I have come so far. I really have. Even though there is no physical evidence of that yet as i remain bedridden.
In 2020 during this same time, i was deeply unwell physically and mentally. I have documented how so much started returning to me just after getting my cells the appropriate vitamins. Such deep deficiencies can cause very very altered states. Thats a nice way to put it. Lets leave it nice since the other way of describing what happens to ones brain when it is starved of what it needs....isn't as pretty.
I remember i listened to this song as i could over and over that fall. I was left alone 29 days total that year. I was alone quite a bit that fall. No hired help. No helpers that fall. A pack of water on the bed and my premade 7 foods in the fridge that i ate if i could access it. cold. On those lucky moments i could be upright...barely...I mostly didn't think i would make it anymore that year due to the fact my body was having obvious signs of shutting down. I was sad i had to die all alone....after trying so f****** hard.
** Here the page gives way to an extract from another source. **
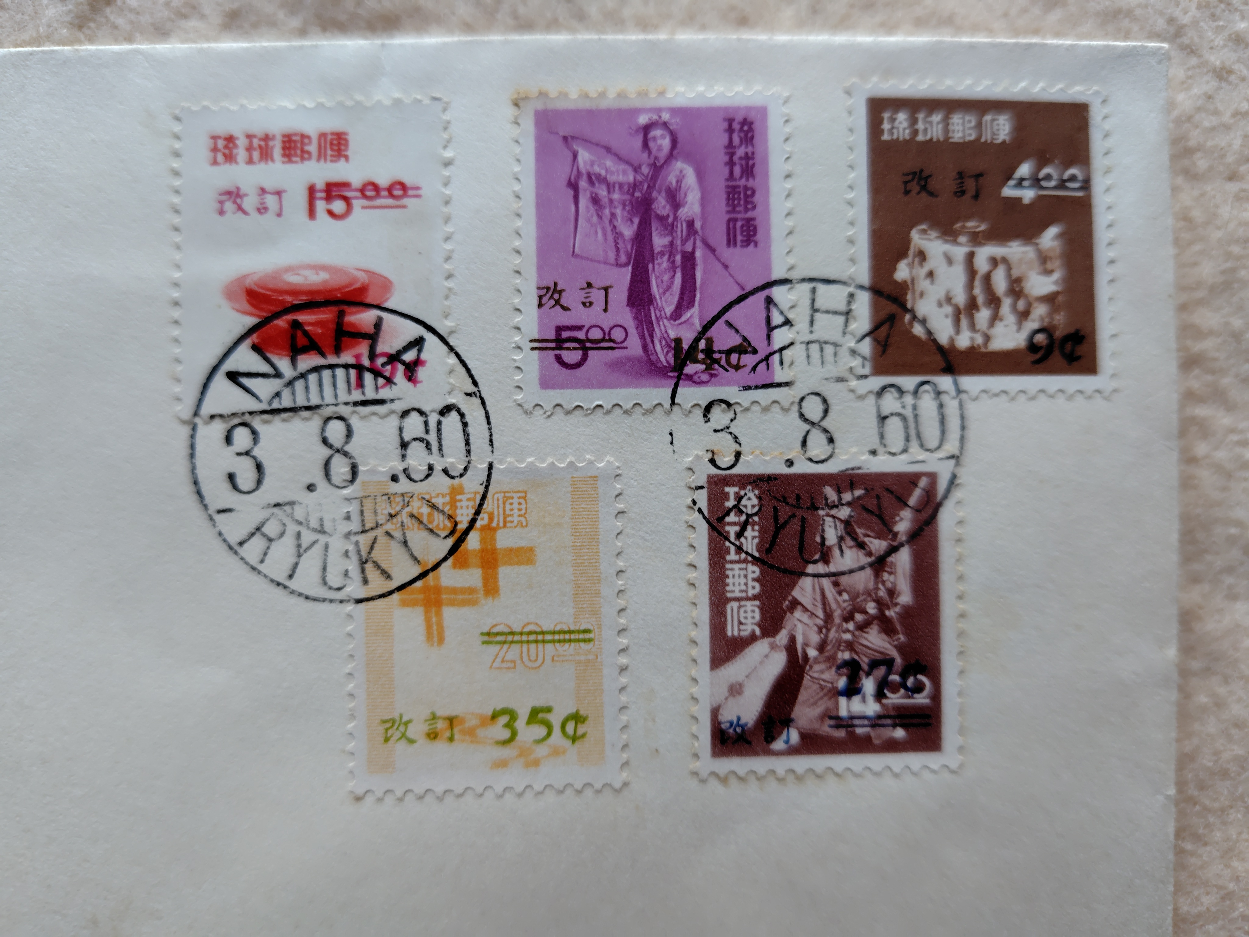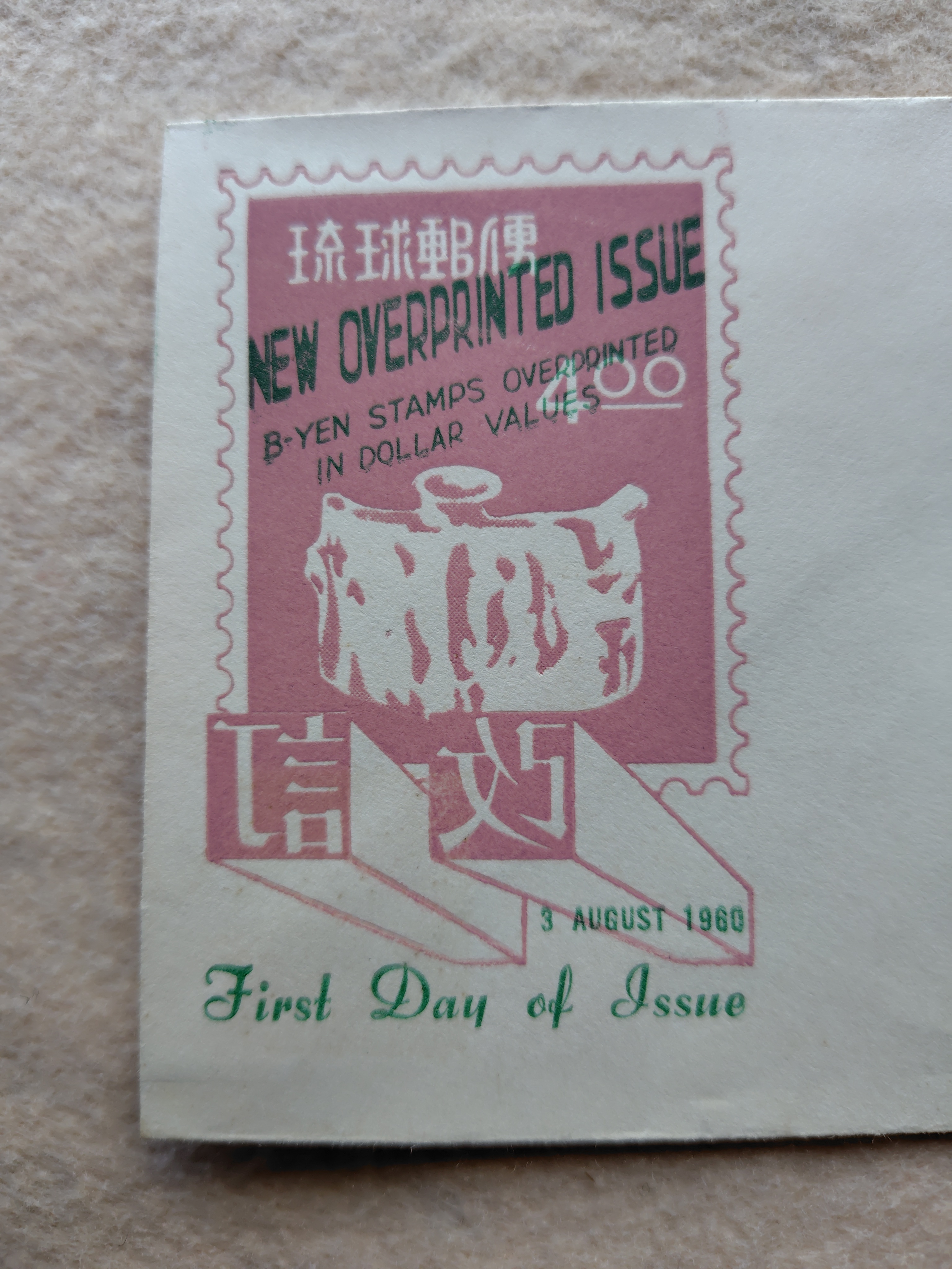 初日カバ- 琉球郵便 NEW OVERPRINTED ISSUE 1960 2026.04.17 家具・雑貨 1960年に発行された初日カバーです。歴史の記録かも? 消印は、1960年8月3日 NAHA 状態は、良好です。

I listened to this song over and over and would often go into these periods of just imaging myself disappearing into woods and slipping into a swamp or off a cliff. It was my only release at that level of pain. I was in deep grief of having pieces of a mind that saw glimpses of organized thoughts of how they wanted to go to apple orchards with their children, or sit upright at a table with their children and hold a fork and eat from a plate but i just instead heard their comings and goings. I heard their lives lived from another room, in the dark. I missed people around me that had died. I couldn't even say goodbye to them.....in a way society does. By congregating to a funeral. I was so misunderstood. How could someone THIS sick with so much cellular dysfunction be this misunderstood? As i had desperately tried what seemed like everything to heal to only end up severely unwell and quite near abandoned...this song just let me be. She held me when i couldn't hold myself anymore. She let me fall apart. She gave me a space to unravel and let out deep grief. She was my safe space when a very injured part of me would appear to want to be released from its prison.
So, today, i heard this song for the first time in a few years and i realized. Yes, i am a visitor in sadness's desolate desert right now. PTSD has been loud last month. But, i mostly do not have permanent residence here anymore. Mostly. I will let myself feel what needs to be felt even if i can only handle 5% of that capacity right now. I scheduled an appointment with my therapist for this evening. I recognize old signs and guideposts for what they are. I also thank those of you for reaching out to me with how you cope under duress and difficult times in the post i recently posted. It helps.
I do not believe in judging my emotions anymore.
Hence, why i am sharing my journey right now.
"slow down to look around, i need to learn to breathe again....i try, over and over again"
This woman is in Sharon Van Etten's band, she also does her own thing. I'm grateful for some of her music.
Embrace the shadows. Don't run. We are all dark and light.
I also read this paragraph the other day and it activated a force within me:
"Want only what is true.
This will lead you to the well of your deepest sorrows.
Follow that passageway, all the way down;
Become the dark emptiness of your absent core.
Be still. Let the waiting become a fire.
Be still. Let the fire show you its secret heart;
A strand of clear light running through you.
Gather yourself there, and the luminous universe opens.
In that vast expanse, fathomless, infinite ocean of light, lose yourself,
and find yourself, and become what you already are."